Of process and product
DeWitt and Spooner said different design processes are worth considering both for how they compare to the artistic process and how they relate to each other.
Many common elements are found in most of the design processes displayed, among them inspiration, implementation and testing. However, seeing just how that process morphs into different scenarios offers new insight into the process.
The Cirrus exhibit uses trade show materials to detail the climate in which the idea of a parachute on the plane was hatched as well as the process of testing. DeWitt said the trade-show style exhibit worked, showing a different kind of design. "How do you come up with a design that's going to engage people?" he said.
(Interestingly enough, the exhibit does not include a full-size prototype of the plane as originally planned because the company needed it for a trade show. Spooner noted that the sudden change fit perfectly with the show: "That's fine," he said. "That's what Cirrus does -- sell airplanes.")
But two displays of projects by LHB Engineers and Architects show different influences at play. The first revives an old idea -- packaged, pre-cut houses -- in a new-to-America project first developed by Kato Sangyo in Japan. The company is working to adapt the system to U.S. markets. The second, the Piedmont Avenue project, shows how the company worked amid some controversy taking in public input -- community members preferred to see drawings, which were "warmer," Spooner said, while the engineers still needed exact drawings. Both are shown in the exhibit.
People from Duluth's Courage Center tested Vulpine Outerwear's outdoor gear.
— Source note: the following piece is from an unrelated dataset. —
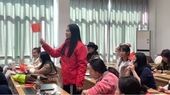 游戏环节结束,全体党员与入党积极分子齐声高唱《我和我的祖国》。歌声深情饱满,回荡悠扬,唱出了爱国爱党的无限热情,将活动氛围推向高潮。活动尾声,副书记傅馨可为在竞赛中表现优异的同志颁发奖品,全体参会人员合影留念,本次主题党日活动圆满谢幕。

UMD's Natural Resources Research Institute works with companies on innovative, environmentally friendly uses of northern Minnesota's natural resources, including timber products, clay and peat.
All the processes have a common goal: getting the object to function well, whether it's a sales piece for a paper maker, a canoe or a skateboard ramp.
Art for commerce's sake
Spooner said that while it's early in the exhibit to gauge audience reaction, the trade show material has already provoked one strong negative reaction, from someone who said the material was not art. DeWitt said the theme of commerce and art naturally arises with this kind of exhibit.
For display purposes, not much has changed; canoes and paddles hang just like other visual art.
"This is the same in a way, except these works were made for a specific purpose," Spooner said. "... You can also look at a skateboard park for its sculptural aspects."
He said because the components work off each other in different ways, more thought did go into placement of each piece, and he said since he was working with people not used to exhibits, the whole thing took longer to pull together.
DeWitt and Spooner said one group paying particular attention so far is art students, who see what work in some arts careers is like.
"Gee, what did your folks say when you said you were going into art?" DeWitt said, playing off the major's reputation for poor employment prospects.
From a community standpoint, Spooner said good design is an important aesthetic part of people's lives. He cited the downtown freeway bypass and Lakewalk structure as an example of "winning" design that enhances community and quality of life. But good design can be invisible.
"I think it's easier to see lack of design than it is good design," he said, noting that while a splattering of conflicting convenience store logos may make one vaguely uncomfortable, good design just blends right in.
The Tweed is pulling it out of the background through March 30.